Его целью было не что иное, как возвышение человеческого ума через познание мира вне и внутри нас, связанных воедино в творении, являющем Разум Творца. Читатель этого тома не должен пугаться искусной диалектики средневекового мыслителя о человеке и природе. Знание Данте — это знание его времени. Наука мало продвинулась со времен Аристотеля — которого Данте взял своим человеческим наставником, — впервые заложившего её основы. Безусловно, полезно в такой книге, созданной благородным умом, изучать в их лучшем виде формы рассуждений, составлявшие науку Средневековья. Но читателя не призывают утруждать свой ум попытками уловить все тонкости, скажем, теории небес, которая была весьма искусной, но ни в какой части не была истинной. Главное — заметить, как ошибочное рассуждение связывает каждую из семи наук с одним из семи небес, и здесь, как и везде, соединяет землю с небом, побуждая человека поднять голову и взирать вверх, к Богу, к источнику света. Если бы духовная истина могла исходить только из правильного и совершенного знания, то мир был бы миром мертвых душ с самого начала и до сих пор; ибо будущие века, оглядываясь на нас, будут удивляться тому скудному ошибочному знанию, которое мы так высоко ценим. Но пусть познанное будет каким угодно, истинная душа восходит от него к ощущению божественных тайн Мудрости и Любви. Знание Данте может быть полно невежества, как и наше. Но он наполняет его, насколько может, Духом Божьим. Он не довольствуется тем, чтобы люди были как овцы и смотрели вниз, на землю, в поисках всей необходимой им пищи. Он приглашает их на Пир иного рода, блюда которого состоят из знания для ума и устремления к небесам для души.

«Пир» Данте — название которого, несомненно, было подсказано «Пирами» Платона и Ксенофонта — был написан в конце его жизни, после «Божественной комедии», и не было найдено следов других песен, кроме тех трёх, которые, возможно, были написаны и обнародованы за некоторое время до того, как он начал работу над их Комментарием. Смерть остановила его руку, и завершение перешло в песнь, соединившую голос Данте с хвалой на небесах.

Г. М. Апрель 1887 г.

ПИР

ПИР ДАНТЕ АЛИГЬЕРИ * * * * *

Первый трактат.

ГЛАВА I.

Как говорит Философ в начале первой «Философии»: «Все люди от природы желают знания». Причина этого может заключаться в том, что каждая вещь, побуждаемая интуицией собственной природы, стремится к своему совершенству; поэтому, поскольку знание есть конечное совершенство нашей души, в котором заключается наше высшее блаженство, мы все от природы подвержены стремлению к нему.

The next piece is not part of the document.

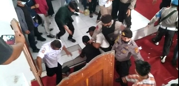 Pada saat terjadi kericuhan, pihak kepolisian dan Satuan Polisi Pamong Praja (Satpol-PP) Kotamobagu, mengamankan sejumlah aktivis dengan cara diseret keluar ruangan dan langsung di bawa ke Mapolres Kotamobagu.
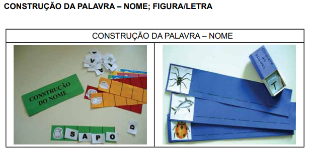Uma variação dessa proposta seria apresentar uma quantidade de figuras e o alfabeto móvel, dentre eles, a criança retira uma carta contendo uma figura e com o alfabeto móvel, constrói sua hipótese.

Воистину, многие лишены этого благороднейшего совершенства по разным причинам, как внутри человека, так и вне его, которые отстраняют его от использования знания.

Внутри человека могут быть два изъяна или препятствия: одно со стороны тела, другое со стороны души. Со стороны тела — когда части тела устроены несоответствующим образом, так что он не может ничего воспринять, как глухонемые и им подобные. Со стороны души — когда в ней торжествует зло, так что она становится последователем порочных удовольствий, через которые она настолько обманывается, что из-за них презирает всё остальное.

Вне человека можно подобным же образом выделить две причины, из которых одна происходит по необходимости, другая — от застоя. Первая — это управление семьей и ведение гражданских дел, что должным образом притягивает к себе большинство людей, так что они не могут жить в тишине созерцания. Другая — это изъян места, где человек родился и вырос, которое часто бывает не только без какой-либо школы, но и может находиться далеко от ученых людей. Две первые из этих причин — первая из препятствий изнутри и первая из препятствий извне — заслуживают не порицания, а оправдания и прощения; две другие, хотя одна больше другой, заслуживают порицания и должны быть отвергнуты.

Отсюда тот, кто хорошо поразмыслит, может ясно увидеть, что мало тех, кто может достичь наслаждения знанием, хотя его желают все, и почти бесчисленны те скованные люди, которые вечно живут, изнывая от голода по этой пище.

О, блаженны те немногие, кто сидит за тем столом, где вкушается Хлеб Ангелов, и несчастны те, кто может питаться лишь как овцы. Но поскольку каждый человек от природы дружелюбен к каждому человеку, и каждый друг скорбит о недостатке того, кого он любит, те, кто питается за этим высоким столом, полны милосердия к тем, кого они видят блуждающими на одном пастбище с существами, поедающими траву и желуди.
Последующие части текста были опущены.